_DATA BLOCK_
____
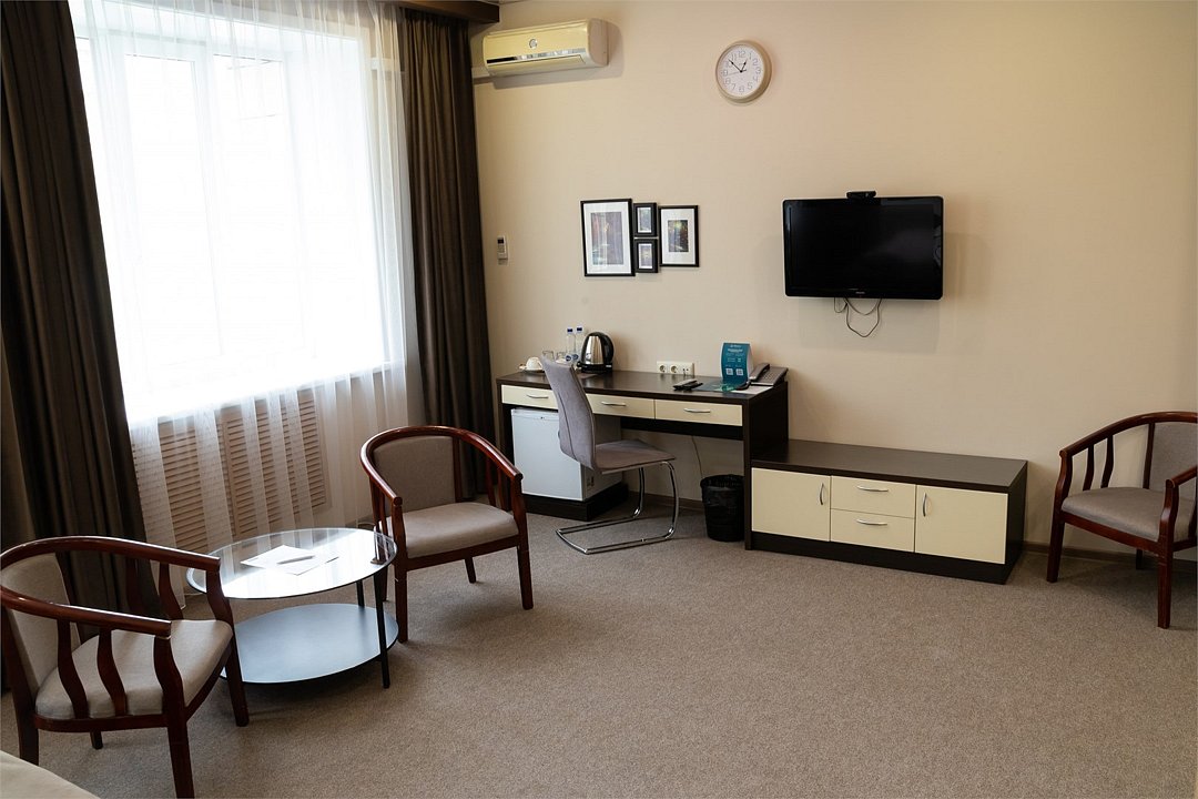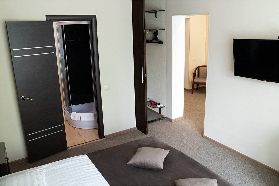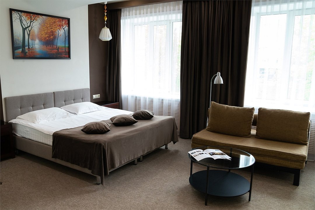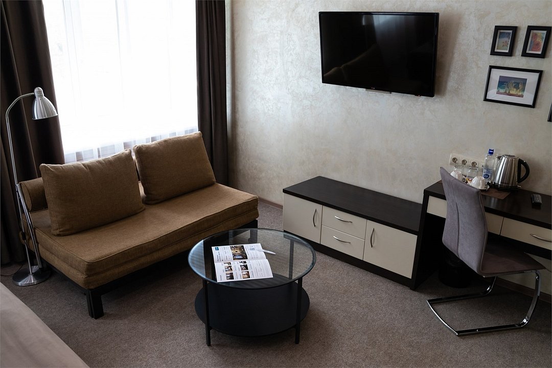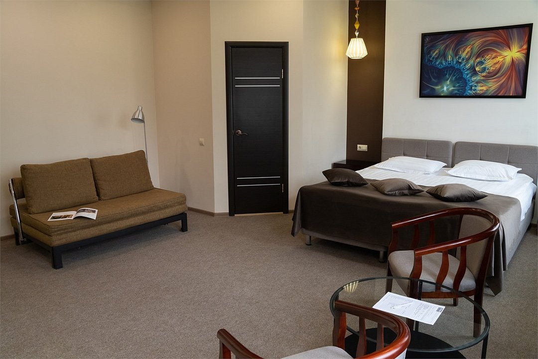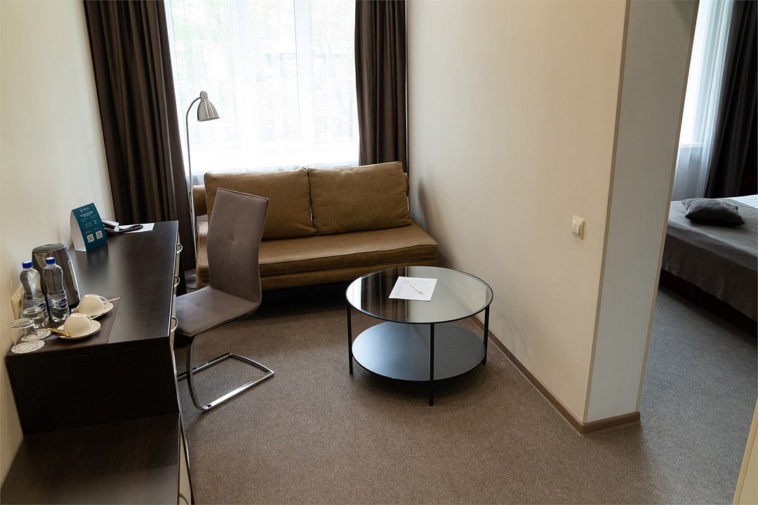 Хороший отдых, отличное настроение и приятные воспоминания Вам обеспечат номера категории Комфорт, состоящие из двух комнат – гостиной и спальной комнаты. В номере имеется все необходимое для комфортного размещения. Что есть в номере: высокоскоростной Интернет, кондиционер, телевизор, телефон. Номер прекрасно подойдет для семейного отдыха, в номере имеется двуспальная кровать и раскладной диван. Заезд с 14:00, выезд в 12:00 Завтрак для Гостей Отеля проходит в ресторане с 8:00 до 11:00. Комплексный завтрак включает в себя кашу, круассан или оладушки с разнообразными начинками и добавками. Для тех Гостей, кто забронировал завтрак и не успевает подойти с 8:00 до 11:00 мы предлагаем забрать ланч-бокс. Для получения завтрака с собой обратитесь на стойку Reception с вечера до 20:00. Номера не адаптированы для мало мобильных групп, лифт отсутствует.Услуги и удобства
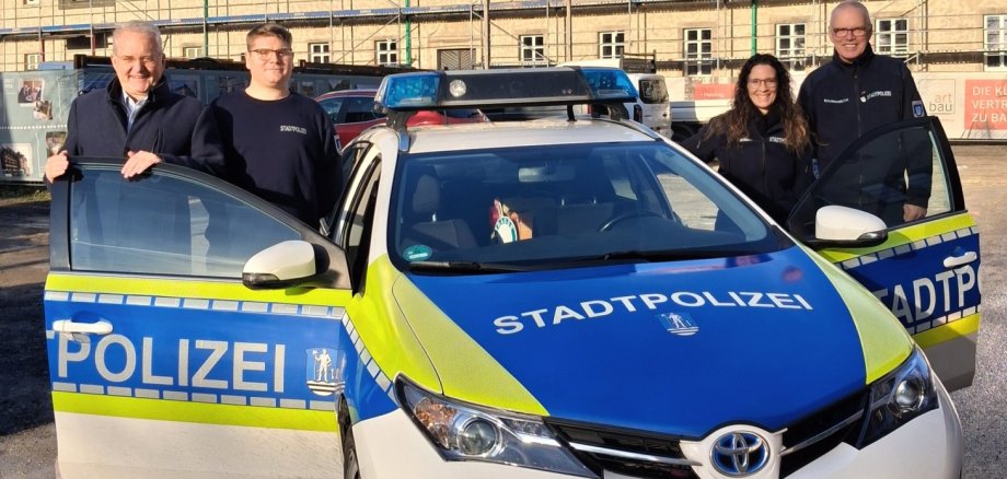 Unser Bild zeigt v.l.n.r. Bürgermeister Andreas Weiher mit den Stadtpolizisten Marcel Riedl, Sonja Jorek und Burkhard Baumgarten.
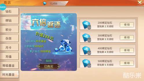 价值288元的时光基金仅需50元购买,立即获得500绑定钻石,累计返还2888绑定钻石,登录累计即可领取超值奖励:
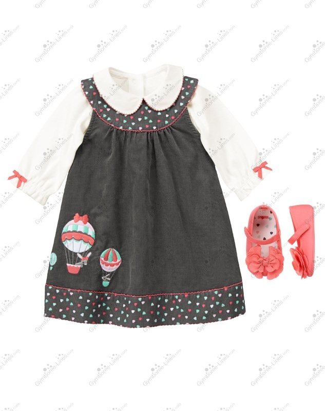 Dress Sleeveless Picot Trim Triangle Triangles Hot Air Balloon Bunny Rabbit Embroidered Applique Snap back Shirred Yoke Corduroy
____
_WHAT TO WORK ON_
Every line above should be returned word for word, with the pictures left behind.

_EXPECTED ANSWER_
 Хороший отдых, отличное настроение и приятные воспоминания Вам обеспечат номера категории Комфорт, состоящие из двух комнат – гостиной и спальной комнаты. В номере имеется все необходимое для комфортного размещения. Что есть в номере: высокоскоростной Интернет, кондиционер, телевизор, телефон. Номер прекрасно подойдет для семейного отдыха, в номере имеется двуспальная кровать и раскладной диван. Заезд с 14:00, выезд в 12:00 Завтрак для Гостей Отеля проходит в ресторане с 8:00 до 11:00. Комплексный завтрак включает в себя кашу, круассан или оладушки с разнообразными начинками и добавками. Для тех Гостей, кто забронировал завтрак и не успевает подойти с 8:00 до 11:00 мы предлагаем забрать ланч-бокс. Для получения завтрака с собой обратитесь на стойку Reception с вечера до 20:00. Номера не адаптированы для мало мобильных групп, лифт отсутствует.Услуги и удобства
 Unser Bild zeigt v.l.n.r. Bürgermeister Andreas Weiher mit den Stadtpolizisten Marcel Riedl, Sonja Jorek und Burkhard Baumgarten.
 价值288元的时光基金仅需50元购买,立即获得500绑定钻石,累计返还2888绑定钻石,登录累计即可领取超值奖励:
 Dress Sleeveless Picot Trim Triangle Triangles Hot Air Balloon Bunny Rabbit Embroidered Applique Snap back Shirred Yoke Corduroy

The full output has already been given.